Authors: Nathan J Savage[1], Joseph Albano[2]
[1]Department of Physical Therapy, Total Rehab, Inc., South Ogden, UT, USA.
[2]Albano Clinic, Salt Lake City, UT, USA.
Address of Correspondence:
Dr. Nathan J Savage,
Department of Physical Therapy , 5957 South Fashion Point Drive, Suite 102, South Ogden, UT 84315.
E-mail: nathan@totalrehabclinics.com
Abstract
Introduction: Hydrodissection has been used during injection procedures to liberate median nerve from surrounding adhesions. This investigation examined clinical and neurophysiologic impact of ultrasound-guided injections in patient with bilateral carpal tunnel syndrome (CTS) serving as own control. Novel to this investigation was performance of active tendon and nerve gliding exercises following median nerve hydrodissection and injection.

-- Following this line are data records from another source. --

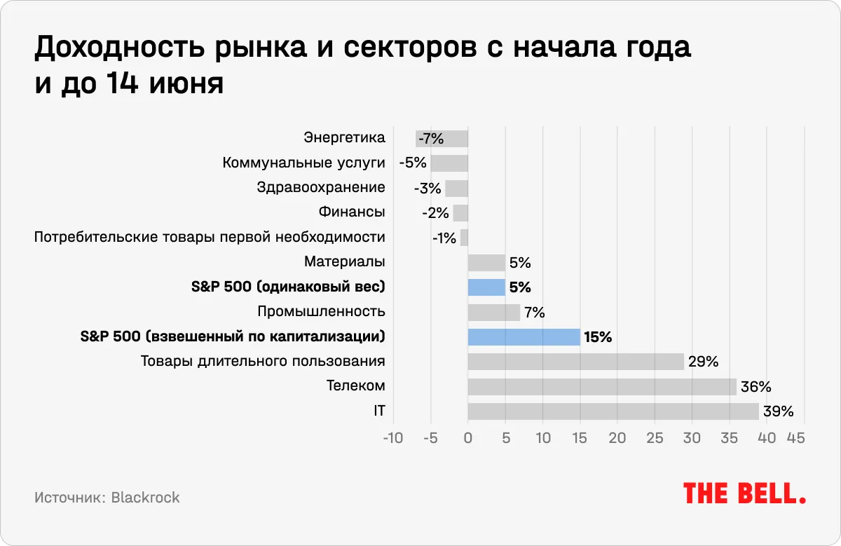Рост рынка был почти полностью обеспечен семью бигтехами. На волне хайпа вокруг ИИ Nasdaq 100 с начала года вырос на 37,5% — это лучший результат за первое полугодие с 1980-х. Как подсчитали в Blackrock, если бы S&P 500 не взвешивался по капитализации, а все компании обладали бы одинаковым весом, то индекс вырос бы только на 5%. В июне к IT присоединились сектора промышленности и материалов, что увеличило оптимизм по поводу продолжения ралли — рост в циклических секторах считается признаком начала «бычьего» рынка, отмечал Bloomberg.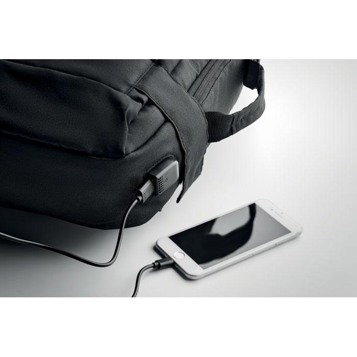 Sac à dos pour ordinateur en polyester RPET 300D avec bandoulière rembourrée comprenant un compartiment interne principal pour un ordinateur portable de 16 pouces et un câble de chargement USB.
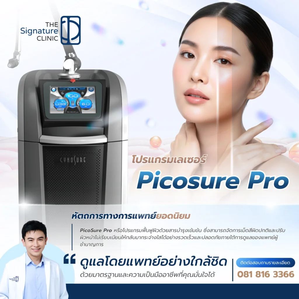 ที่ The Signature Clinic เราเลือกใช้ Picosure Pro ซึ่งเป็นเทคโนโลยี Picosecond Laser รุ่นใหม่ล่าสุด ที่ได้รับการยอมรับในระดับ Gold Standard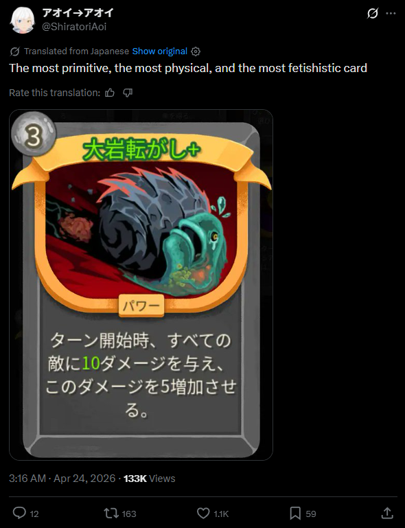 >>737611379>Fetishistic card>It's a picture of a rock crushing an animalWhy are the chinese like this?
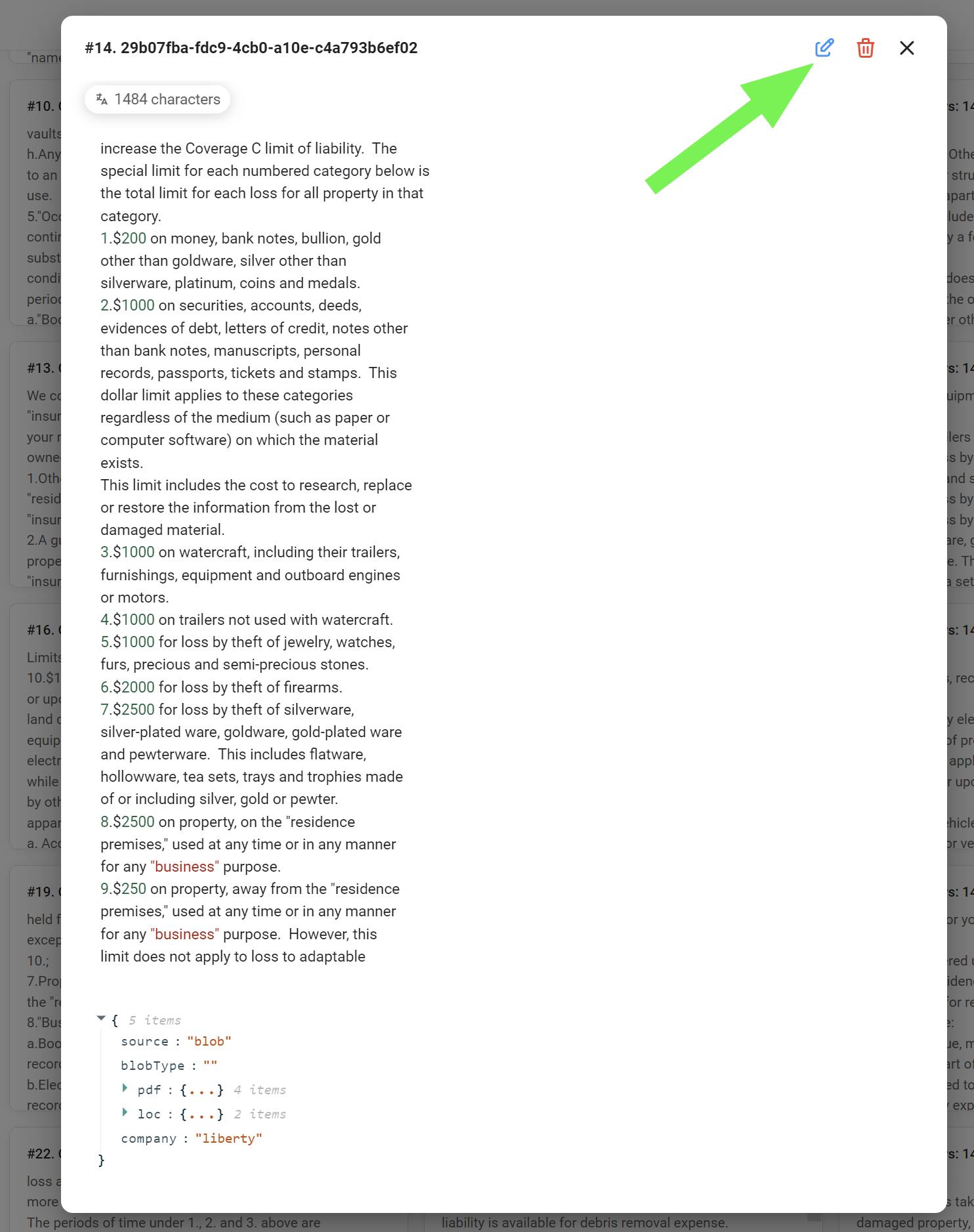 Note that our custom metadata `company: "liberty"` has been inserted into each chunk. This metadata allows us to easily filter and retrieve information from this specific dataset later on, even if we use the same vector store index for other datasets.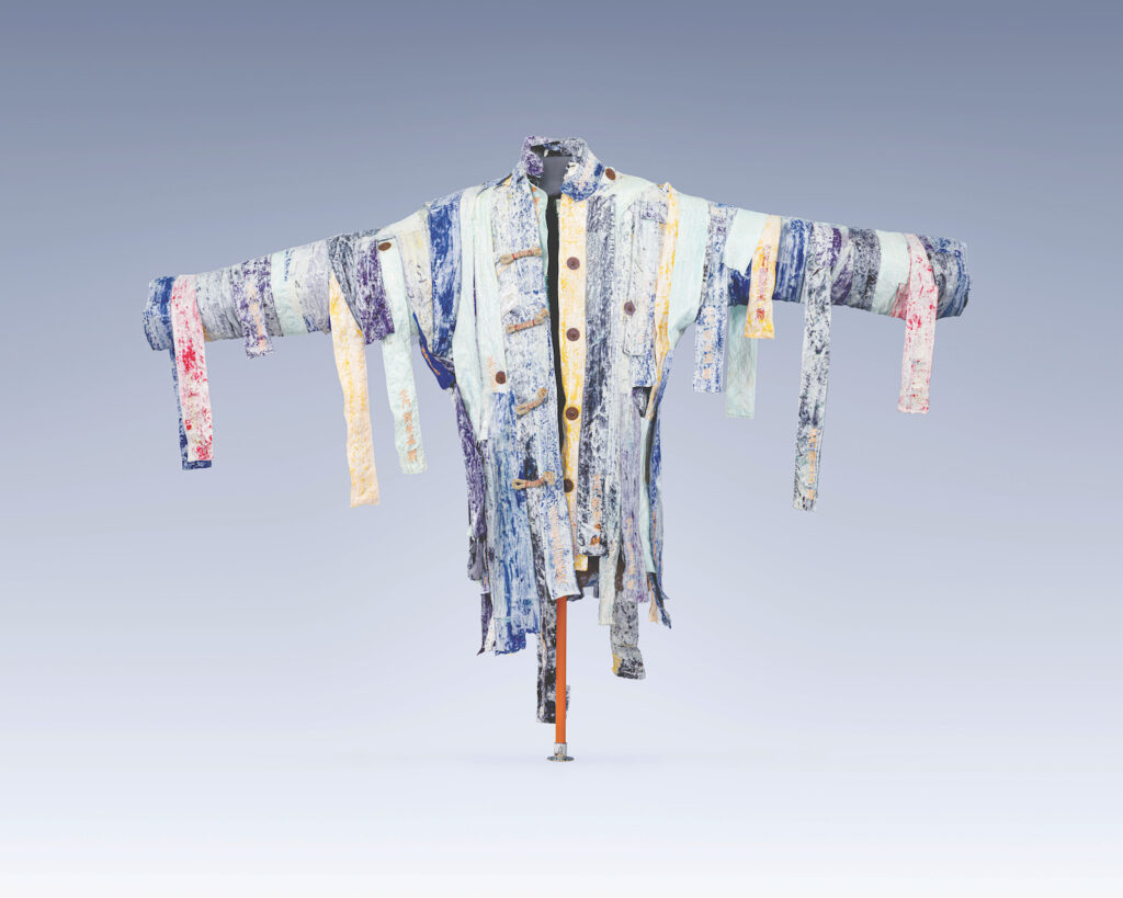 The anchor piece of the exhibition, Terrence Nicholson’s Safety Jacket: A Mourning in Chinatown (2018), reflects the ongoing changes in Chinatown. In this mixed-media work, the African American artist expressed his grief over the eviction of the Wah Sing Kung Fu School by creating a kung fu jacket from martial arts sashes. The jacket’s resemblance to a scarecrow — usually used to keep birds away from crops — invites speculation: Is it meant as a deliberate symbol of protection, loss and deterrence, or is it just a coincidence? The ambiguity adds depth to the narrative of displacement and cultural erosion.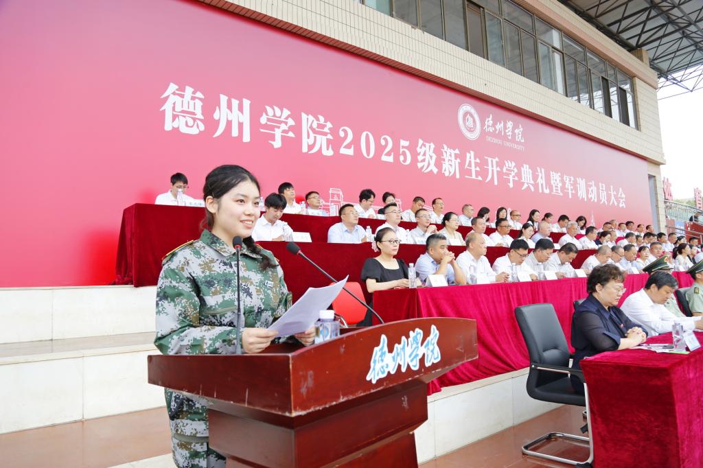 典礼上举行了新生佩戴德州学院徽章仪式,校领导为新生代表佩戴德州学院徽章。胸前闪耀的徽章,不仅代表着“德院人”的身份,更承载着“德院人”的使命与荣光。典礼在全体2025级新生铿锵有力的誓言中落下帷幕。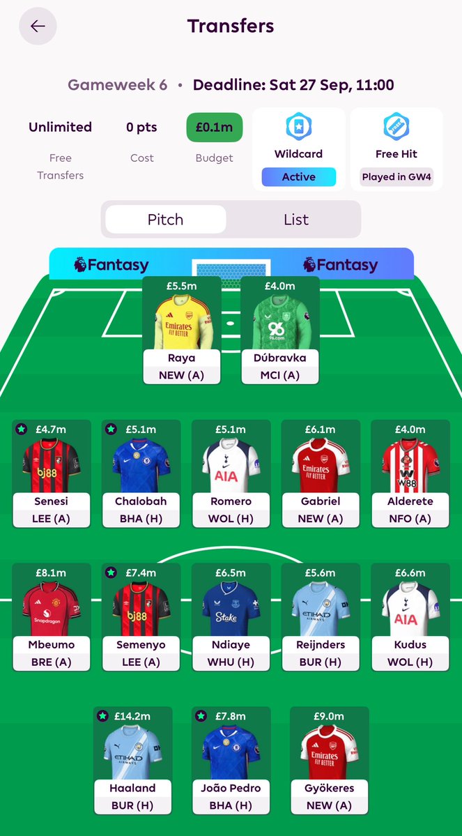Raya ➡️ Pope on Wildcard GW6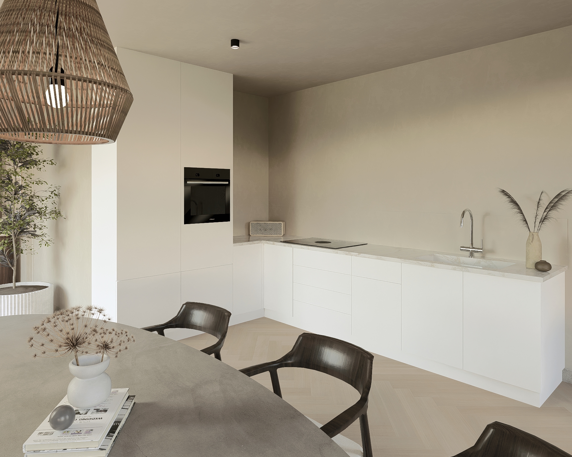 De moderne keuken in L-opstelling is voorzien van de navolgende apparatuur: Bora inductiekookplaat met ingebouwde afzuiging, oven, vaatwasser en een koel-vriescombinatie. De keuken heeft een centrale ligging in de ruimte waardoor deze het hart van de ruimte vormt.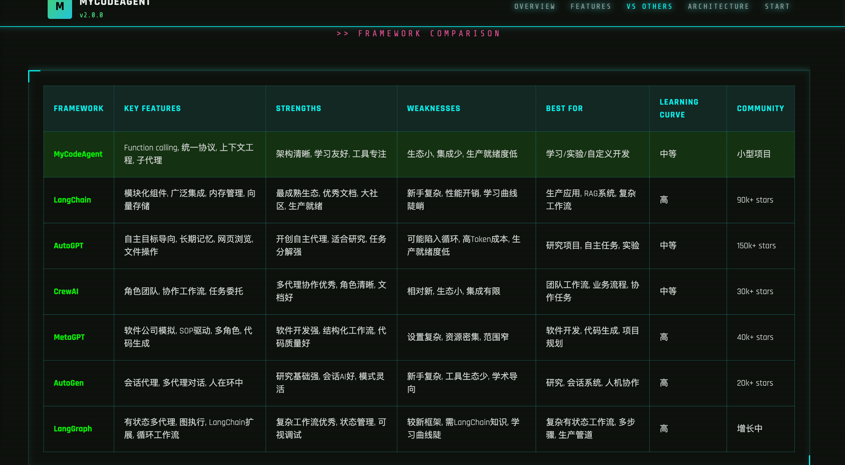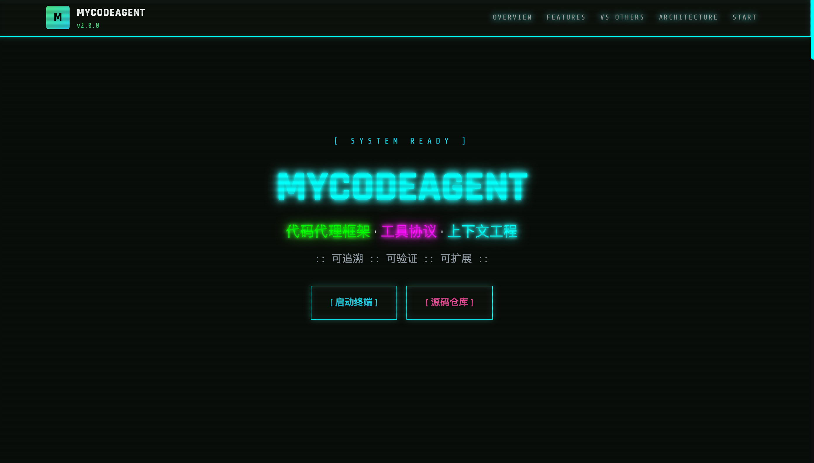 - "MYCODEAGENT" 标题采用 Rajdhani 字体,被青色霓虹光晕(text-shadow 三层叠加)包裹,hover 时触发 故障艺术(Glitch) 动画——文字像老式电视信号不稳定般微微抖动

Case Report: A 37-year-old male with 6-year history of bilateral CTS presented for treatment. Wrists randomly assigned to receive platelet-rich plasma (PRP) or equal volume saline injection and median nerve hydrodissection. The patient performed active tendon and nerve gliding exercises following injection procedures. Pain ratings, CTS-related disability scores, median nerve function, and median nerve cross-section area measurements for each wrist/hand collected at baseline 2, 4, 6, and 12 months following injection procedures. 6-month follow-up. The right (saline) and left (PRP) wrists showed improvements in disability and nerve function. The left wrist (PRP) also showed improvement in pain. 1-year follow-up. The right (saline followed by PRP at 6 months) and left (PRP) wrists showed improvements in pain, disability, and nerve function.
Conclusion: Results suggest innovative treatment approach for CTS, namely, ultrasound-guided PRP injection including median nerve hydrodissection followed by performance of active tendon and nerve gliding exercises in immediate post-injection period. The patient demonstrated improvements in pain, CTS-related disability, and median nerve function comparable to surgical release and generally better than non-surgical interventions. Findings should stimulate further investigation into marrying mechanically based treatments with PRP to produce better long-term outcomes in patients with CTS.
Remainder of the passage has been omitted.